Please reproduce the data exactly and omit the pictures.

* _DATA EXTRACT_:
┌──

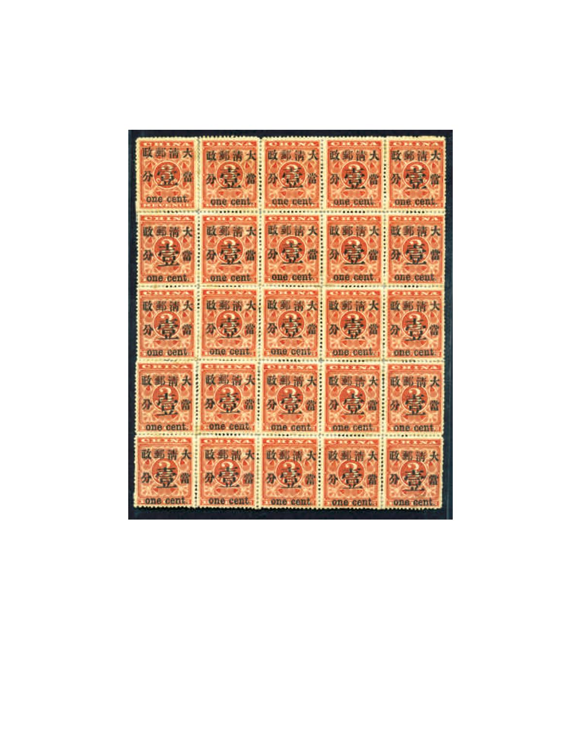 1897 Large figures surcharged 1c on 3c, complete pane of 25, with constant varieties, Large Box etc, with hinged paper on
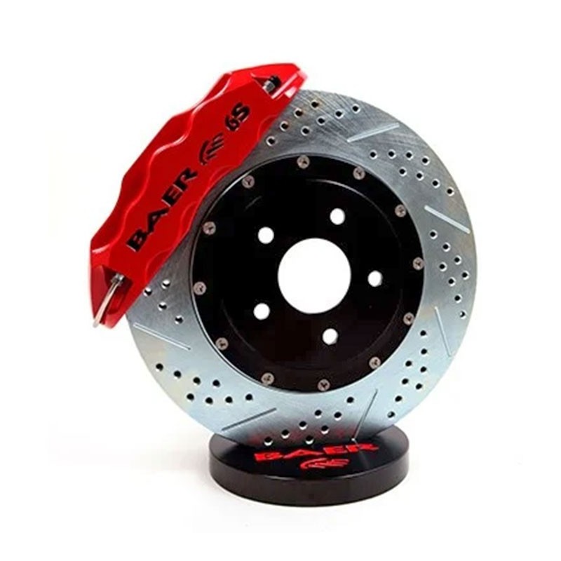 If you are looking for some serious stopping power for your 1978-1983 G-body, Baer brakes has you covered! This system comes standard with the monoblock 6-piston, 6S caliper mounted to a 14 inch, 2 piece slot, drill, zinc plated rotor. The 6S calipers have dust and weather seals and uses the popular D1247 pad type. Rotors are pre-assembled with NAS high grade stainless hardware. Billet aluminum hubs come assembled with premium bearings packed with Redline synthetic grease and billet dust caps. All mounting brackets, stainless braided hoses and hardware are also included and comes assembled on modified drop spindles. The 14 inch Extreme+ fits most 18 inch or larger wheels. Rotor Style:14 X 1.25 Inch 2-piecePiston Count: 6 PistonPad Type:(D1247)Minimum Wheel Size:18 inch or largerIncludes:Calipers, Brake pads, Rotor and Hat assemblies, Billet aluminum hubs w/premium bearings, Billet dust caps, Modified drop spindles, Brackets, Stainless braided brake hoses and all mounting hardwareNotes:System comes completely pre-assembled on 2 inch drop spindlesApplications:1978-1983 G-body Kit Features:6-piston,1-piece Monoblock design machined out of a US made 2618 aluminum forgingInternal crossover designStainless steel pistons, abutments and noise suppression springsStaggered piston sizes to minimize pad wearUses the common D1247 (DR11) race pad backing plate shared by many other competition calipersUses correct banjo style fittings, Baer does not use any pipe threadIncludes a set of modified spindles and comes pre-assembled ready for installationStainless braided hoses included100% MADE IN USA with US sourced material>
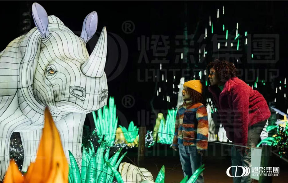 本届彩灯节以“穿越时空的旅程”为主题,在动物园内打造了15个特色区域,串联起地球演化与人类文明的壮阔历程。从地球初现的混沌光影,到海洋生命的灵动闪烁;从恐龙时代的巨兽雄姿,到哺乳动物的繁衍生机;从农业革命的火种,到古代文明的辉煌,再到文艺复兴的光芒与未来的奇幻——近80组灯组,把亿万年间的故事讲得生动鲜活。
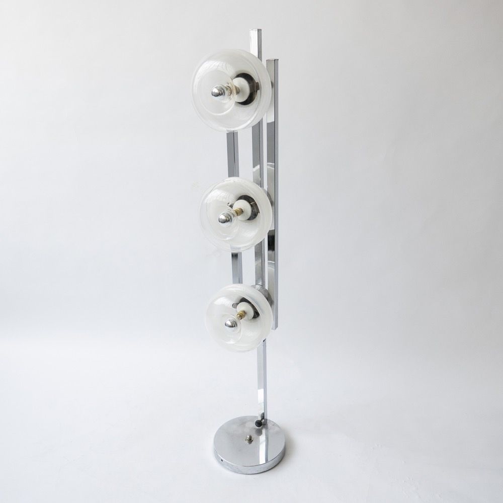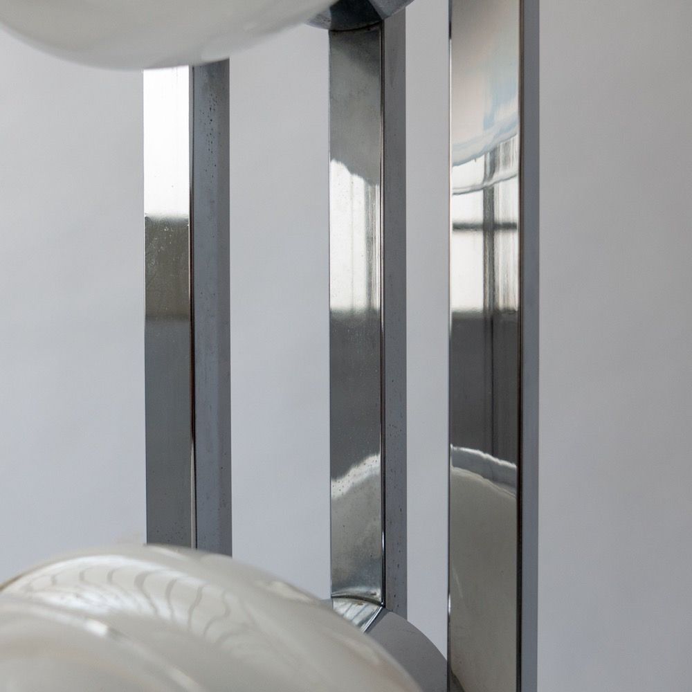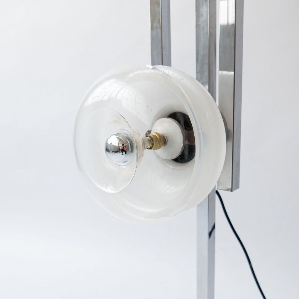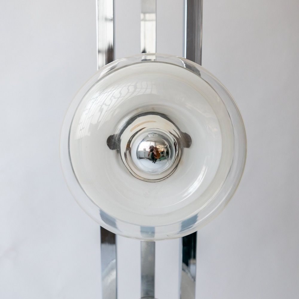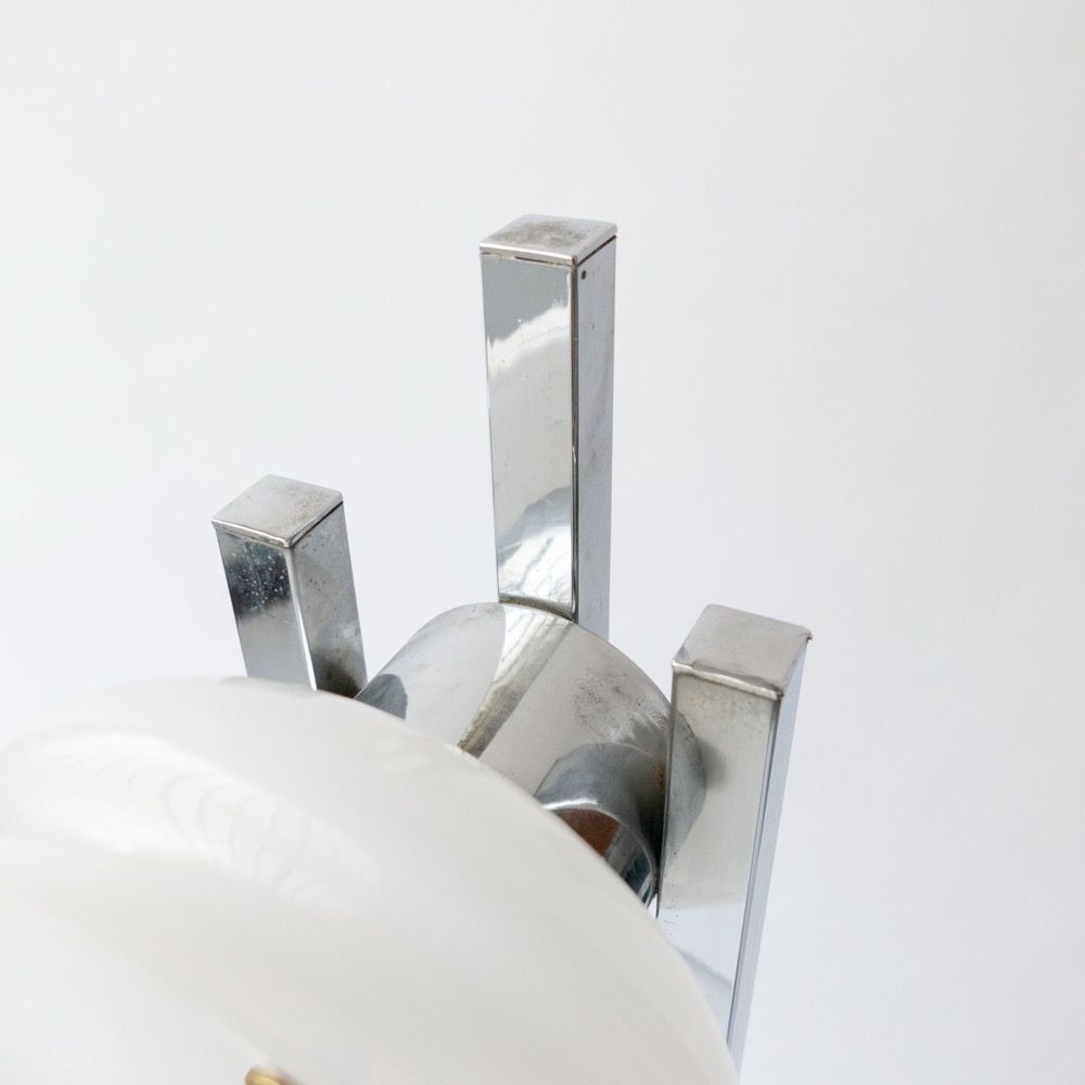 It is, however, gorgeous in its own rights. The original and perfectly preserved glass shades fade from white to transparent, creating a nice effect even when the lamp is turned off. Its three lights provide enough light to liven up even large rooms. The chrome coating is preserved in very good condition, with just the minor fading and patina expectable on an object of this age. The metal frame is very interested in its design, consisting of one main and two side bars, that create a very architectural composition.

└──

* _EXERCISE RESULT_:
 1897 Large figures surcharged 1c on 3c, complete pane of 25, with constant varieties, Large Box etc, with hinged paper on
 If you are looking for some serious stopping power for your 1978-1983 G-body, Baer brakes has you covered! This system comes standard with the monoblock 6-piston, 6S caliper mounted to a 14 inch, 2 piece slot, drill, zinc plated rotor. The 6S calipers have dust and weather seals and uses the popular D1247 pad type. Rotors are pre-assembled with NAS high grade stainless hardware. Billet aluminum hubs come assembled with premium bearings packed with Redline synthetic grease and billet dust caps. All mounting brackets, stainless braided hoses and hardware are also included and comes assembled on modified drop spindles. The 14 inch Extreme+ fits most 18 inch or larger wheels. Rotor Style:14 X 1.25 Inch 2-piecePiston Count: 6 PistonPad Type:(D1247)Minimum Wheel Size:18 inch or largerIncludes:Calipers, Brake pads, Rotor and Hat assemblies, Billet aluminum hubs w/premium bearings, Billet dust caps, Modified drop spindles, Brackets, Stainless braided brake hoses and all mounting hardwareNotes:System comes completely pre-assembled on 2 inch drop spindlesApplications:1978-1983 G-body Kit Features:6-piston,1-piece Monoblock design machined out of a US made 2618 aluminum forgingInternal crossover designStainless steel pistons, abutments and noise suppression springsStaggered piston sizes to minimize pad wearUses the common D1247 (DR11) race pad backing plate shared by many other competition calipersUses correct banjo style fittings, Baer does not use any pipe threadIncludes a set of modified spindles and comes pre-assembled ready for installationStainless braided hoses included100% MADE IN USA with US sourced material>
 本届彩灯节以“穿越时空的旅程”为主题,在动物园内打造了15个特色区域,串联起地球演化与人类文明的壮阔历程。从地球初现的混沌光影,到海洋生命的灵动闪烁;从恐龙时代的巨兽雄姿,到哺乳动物的繁衍生机;从农业革命的火种,到古代文明的辉煌,再到文艺复兴的光芒与未来的奇幻——近80组灯组,把亿万年间的故事讲得生动鲜活。
 It is, however, gorgeous in its own rights. The original and perfectly preserved glass shades fade from white to transparent, creating a nice effect even when the lamp is turned off. Its three lights provide enough light to liven up even large rooms. The chrome coating is preserved in very good condition, with just the minor fading and patina expectable on an object of this age. The metal frame is very interested in its design, consisting of one main and two side bars, that create a very architectural composition.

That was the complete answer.